Brief: The listing is to be returned word for word, without its images.

Data:
§

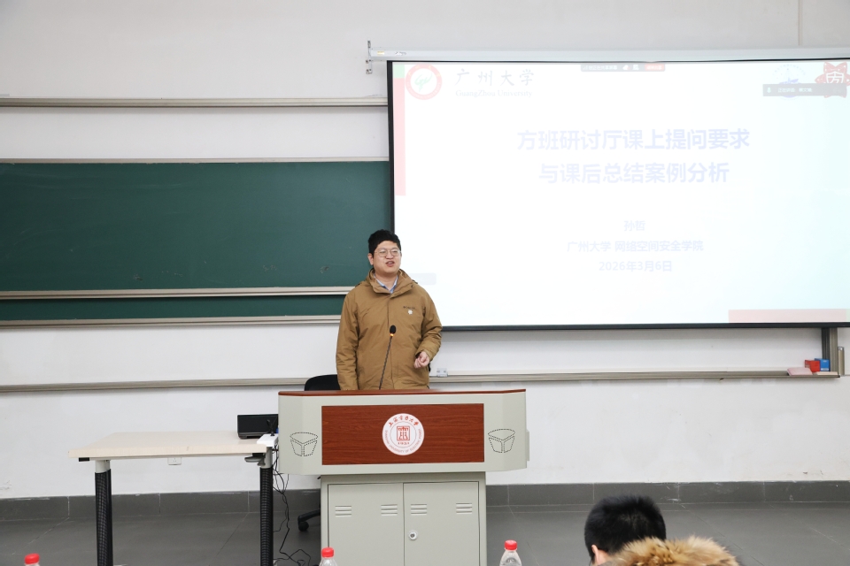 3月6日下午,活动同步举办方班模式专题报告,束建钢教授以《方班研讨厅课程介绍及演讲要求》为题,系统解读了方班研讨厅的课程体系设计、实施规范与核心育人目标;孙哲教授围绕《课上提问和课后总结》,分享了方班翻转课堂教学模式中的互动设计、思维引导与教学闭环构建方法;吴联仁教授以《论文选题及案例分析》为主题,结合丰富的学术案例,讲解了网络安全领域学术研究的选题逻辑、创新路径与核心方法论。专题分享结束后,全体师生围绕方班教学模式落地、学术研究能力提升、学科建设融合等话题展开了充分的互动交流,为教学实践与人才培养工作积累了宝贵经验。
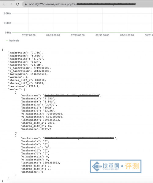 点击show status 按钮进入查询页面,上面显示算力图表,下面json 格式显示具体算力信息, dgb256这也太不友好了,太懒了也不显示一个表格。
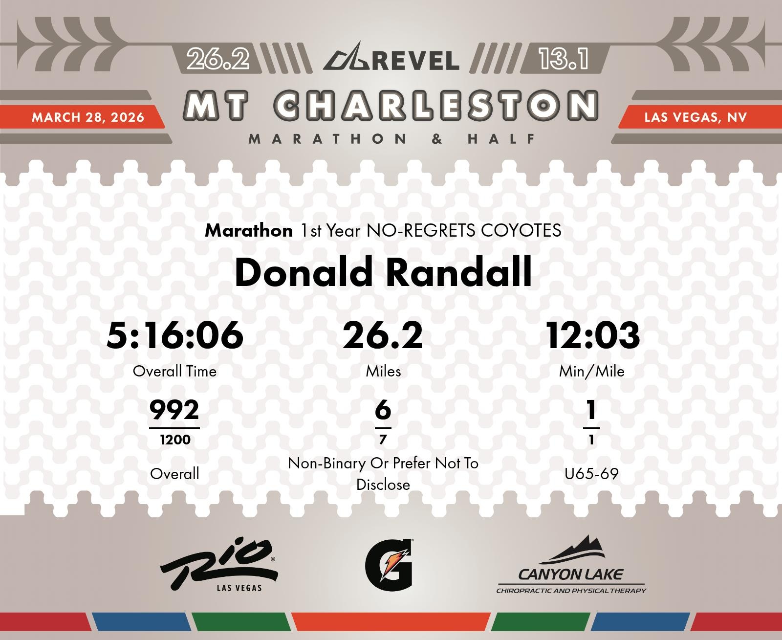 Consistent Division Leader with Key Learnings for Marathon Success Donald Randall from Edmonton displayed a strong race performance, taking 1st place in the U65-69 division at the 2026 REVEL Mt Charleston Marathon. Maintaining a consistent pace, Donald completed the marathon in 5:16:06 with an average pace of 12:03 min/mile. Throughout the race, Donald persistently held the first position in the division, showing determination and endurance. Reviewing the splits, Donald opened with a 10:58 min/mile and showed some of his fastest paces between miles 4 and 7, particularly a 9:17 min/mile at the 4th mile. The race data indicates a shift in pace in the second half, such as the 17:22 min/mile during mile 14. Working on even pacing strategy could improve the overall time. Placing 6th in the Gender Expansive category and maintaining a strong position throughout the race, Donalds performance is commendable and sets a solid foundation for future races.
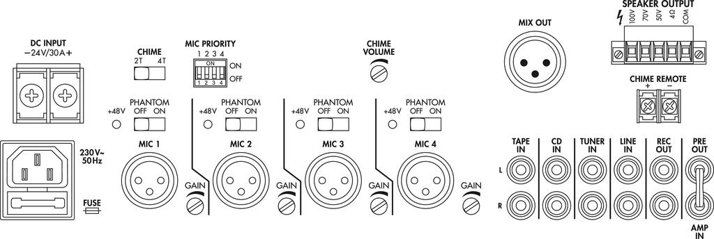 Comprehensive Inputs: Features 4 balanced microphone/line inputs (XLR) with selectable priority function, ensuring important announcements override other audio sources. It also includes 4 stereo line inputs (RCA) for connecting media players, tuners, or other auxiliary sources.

§

Expected answer:
 3月6日下午,活动同步举办方班模式专题报告,束建钢教授以《方班研讨厅课程介绍及演讲要求》为题,系统解读了方班研讨厅的课程体系设计、实施规范与核心育人目标;孙哲教授围绕《课上提问和课后总结》,分享了方班翻转课堂教学模式中的互动设计、思维引导与教学闭环构建方法;吴联仁教授以《论文选题及案例分析》为主题,结合丰富的学术案例,讲解了网络安全领域学术研究的选题逻辑、创新路径与核心方法论。专题分享结束后,全体师生围绕方班教学模式落地、学术研究能力提升、学科建设融合等话题展开了充分的互动交流,为教学实践与人才培养工作积累了宝贵经验。
 点击show status 按钮进入查询页面,上面显示算力图表,下面json 格式显示具体算力信息, dgb256这也太不友好了,太懒了也不显示一个表格。
 Consistent Division Leader with Key Learnings for Marathon Success Donald Randall from Edmonton displayed a strong race performance, taking 1st place in the U65-69 division at the 2026 REVEL Mt Charleston Marathon. Maintaining a consistent pace, Donald completed the marathon in 5:16:06 with an average pace of 12:03 min/mile. Throughout the race, Donald persistently held the first position in the division, showing determination and endurance. Reviewing the splits, Donald opened with a 10:58 min/mile and showed some of his fastest paces between miles 4 and 7, particularly a 9:17 min/mile at the 4th mile. The race data indicates a shift in pace in the second half, such as the 17:22 min/mile during mile 14. Working on even pacing strategy could improve the overall time. Placing 6th in the Gender Expansive category and maintaining a strong position throughout the race, Donalds performance is commendable and sets a solid foundation for future races.
 Comprehensive Inputs: Features 4 balanced microphone/line inputs (XLR) with selectable priority function, ensuring important announcements override other audio sources. It also includes 4 stereo line inputs (RCA) for connecting media players, tuners, or other auxiliary sources.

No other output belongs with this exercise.